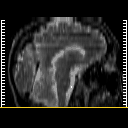 Click on sagittal image to select slice. Click on thin tickmark to change timepoint, or thick tickmark for overlay.
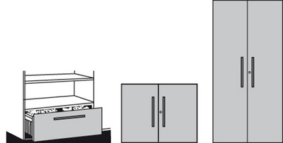 Système de rayonnage et d’armoire Dante sans paroi arrière, 5 hauteurs de classeur
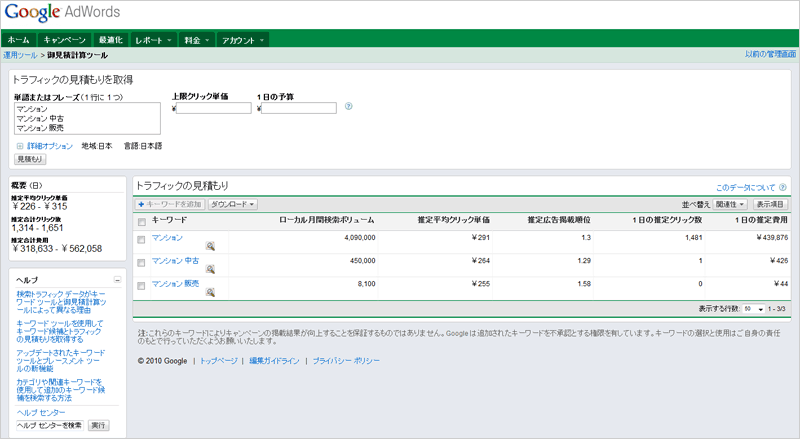 クリック単価はGoogle AdWordsの「御見積計算ツール」を利用しよう
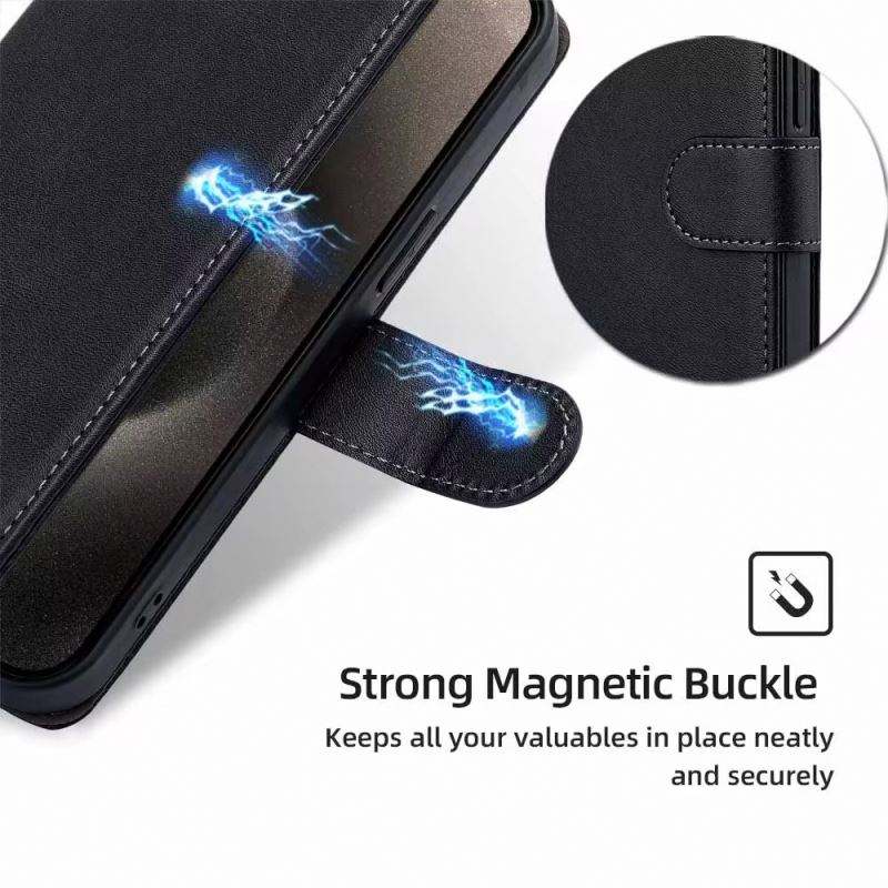 เคสโทรศัพท์แบบพับได้พร้อมขาตั้งแม่เหล็ก PU+TPU แบบกำหนดเอง พร้อมช่องใส่บัตรและฟิล์มกันรอยหน้าจอสำหรับ Pixel
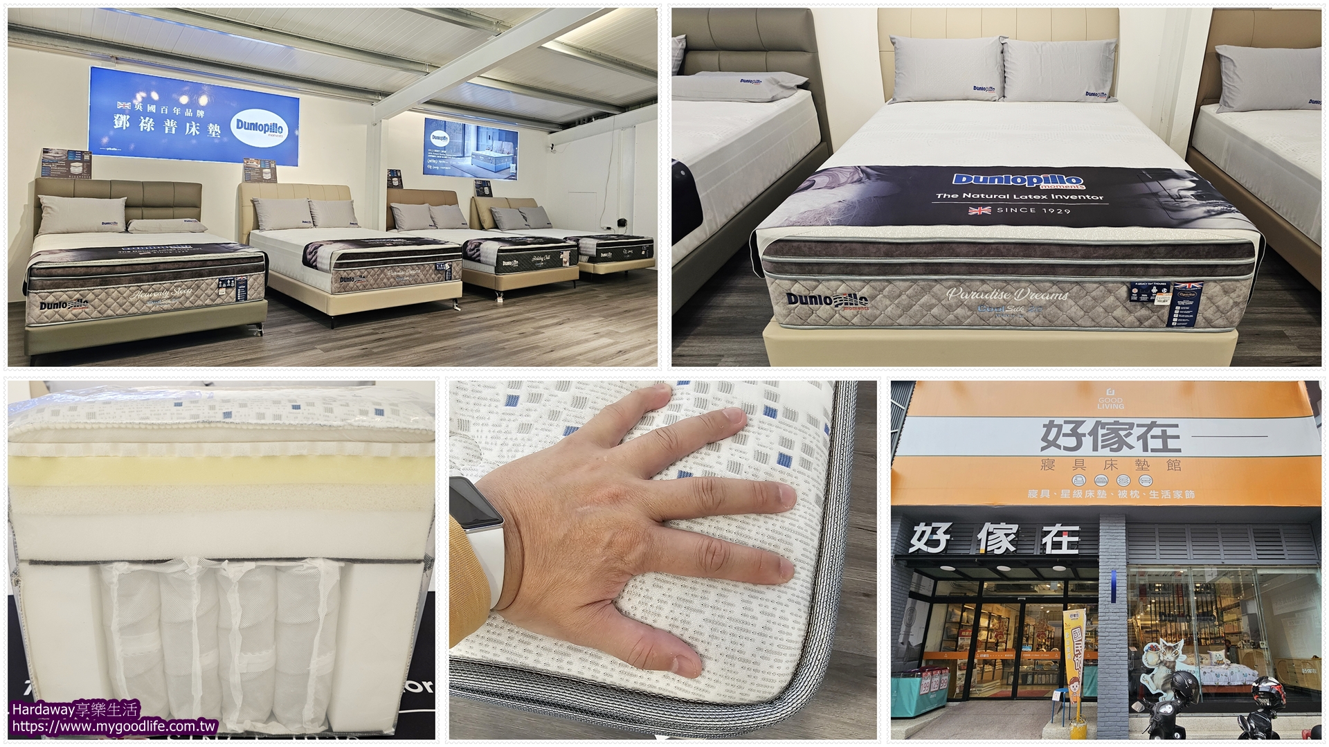 想找台中一站式家居店選購舒適好睡床墊的大大看過來,自己不久前陪朋友去好傢在寢具床墊館向上店試躺創立接近百年,來自英國的鄧祿普Dunlopillo床墊,或許就是你值得考慮的選擇。至於這個由好傢在獨家代理,使用天然鄧祿普乳膠、蜂巢式五段獨立筒彈簧、進口CoolSilk 2.0 Nano-G專利面料涼感防螨表布,提供15年彈簧保固的飯店級床墊品牌,當天在現場看到四個不同軟硬度的天然乳膠床墊系列產品,而全部試躺之後,個人是最喜歡軟硬度5的鄧祿普Dunlopillo鑽石系列Paradise Dream床墊,因為躺起來除了舒適外,也符合我對床墊軟硬度的需求呢!
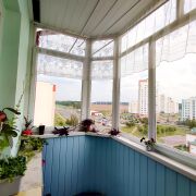 Уютная застекленная лоджия с приятным видом из окна.
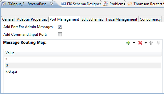 Converts incoming application-level FIX messages from the target to tuples and sends them to the application. The adapter can be configured to route tuples from different message types to specific output ports. (For example, route all Cancel and Cancel/Replace messages to port 2.) Up to 10 ports can be configured for this purpose.
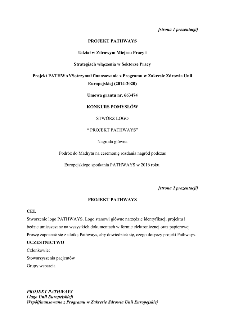 [strona 1 prezentacji] PROJEKT PATHWAYS Udział w Zdrowym Miejscu Pracy i Strategiach włączenia w Sektorze Pracy Projekt PATHWAYSotrzymał finansowanie z Programu w Zakresie Zdrowia Unii Europejskiej (2014-2020) Umowa grantu nr. 663474 KONKURS POMYSŁÓW STWÓRZ LOGO “ PROJEKT PATHWAYS” Nagroda główna Podróż do Madrytu na ceremonię rozdania nagród podczas Europejskiego spotkania PATHWAYS w 2016 roku. [strona 2 prezentacji] PROJEKT PATHWAYS CEL Stworzenie logo PATHWAYS. Logo stanowi główne narzędzie identyfikacji projektu i będzie umieszczane na wszystkich dokumentach w formie elektronicznej oraz papierowej Proszę zapoznać się z ulotką Pathways, aby dowiedzieć się, czego dotyczy projekt Pathways. UCZESTNICTWO Członkowie: Stowarzyszenia pacjentów Grupy wsparcia PROJEKT PATHWAYS [ logo Unii Europejskiej] Współfinansowane z Programu w Zakresie Zdrowia Unii Europejskiej [strona 3 prezentacji] WIDOCZNOŚĆ LOGO W: Grupy wsparcia Stowarzyszenia pacjentów Decydenci polityczni Związki Handlowe i stowarzyszenia pracodawców Organizacje międzynarodowe (np. Międzynarodowa Organizacja Pracy; Światowa organizacja Zdrowia; Unia Europejska, Organizacja Bezpieczeństwa i Współpracy w Europie, Bank Światowy...) Projekty Europejskie, Komisja Europejska, Parlament Europejski Media, prasa, blogi Społeczeństwo [strona 4 prezentacji] SZCZEGÓŁY Profesjonalne, atrakcyjne wizualnie, stylowe, eleganckie. Kolor pomarańczowy (RGB 255,102,0) oraz niebieski (RGB 51,51,153) zgodnie z projektem ulotki. Minimalny rozmiar 30 mm. [strona 5 prezentacji] SUBSKRYPCJA Konkurs jest otwarty dla wszystkich bez ograniczeń wiekowych. PROJEKT PATHWAYS [ logo Unii Europejskiej] Współfinansowane z Programu w Zakresie Zdrowia Unii Europejskiej Prześlij SWOJE LOGO na adres [email protected] do 15 PAŹDZIERNIKA 2015 i załącz: •Logo w formacie JPEG •Koncepcje logo • Krótkie CV [strona 6 prezentacji] NAGRODA: Logotypy 3 finalistów zostaną opublikowane na stronie WWW Pathways (www.pathways.eu). Zwycięzca wyłoniony zostanie przez partnerów projektu PATHWAYS oraz Rade Doradczą. Przewodniczącą komisji konkursowej jest Matilde Leonardi, koordynator projektu. Zwycięzca otrzyma zaproszenie na ceremonię wręczenia nagród, która odbędzie się w Madrycie 10 i 11 marca 2016 r. [strona 6 prezentacji] Czekamy na Twoją propozycję Na LOGO PATHWAYS… Zostań zwycięzcą tego Konkursu! Powodzenia! Konsorcjum Pathways PROJEKT PATHWAYS [ logo Unii Europejskiej] Współfinansowane z Programu w Zakresie Zdrowia Unii Europejskiej

_____

[YOUR GOAL]
An exact copy of the lines above from the one with "クリック単価はGoogle AdWordsの「御見積計算ツール」を利用しよう" up to and including the one with "เคสโทรศัพท์แบบพับได้พร้อมขาตั้งแม่เหล็ก PU+TPU แบบกำหนดเอง" is required; reproduce only those lines, omitting all pictures.

[TASK RESPONSE]
 クリック単価はGoogle AdWordsの「御見積計算ツール」を利用しよう
 เคสโทรศัพท์แบบพับได้พร้อมขาตั้งแม่เหล็ก PU+TPU แบบกำหนดเอง พร้อมช่องใส่บัตรและฟิล์มกันรอยหน้าจอสำหรับ Pixel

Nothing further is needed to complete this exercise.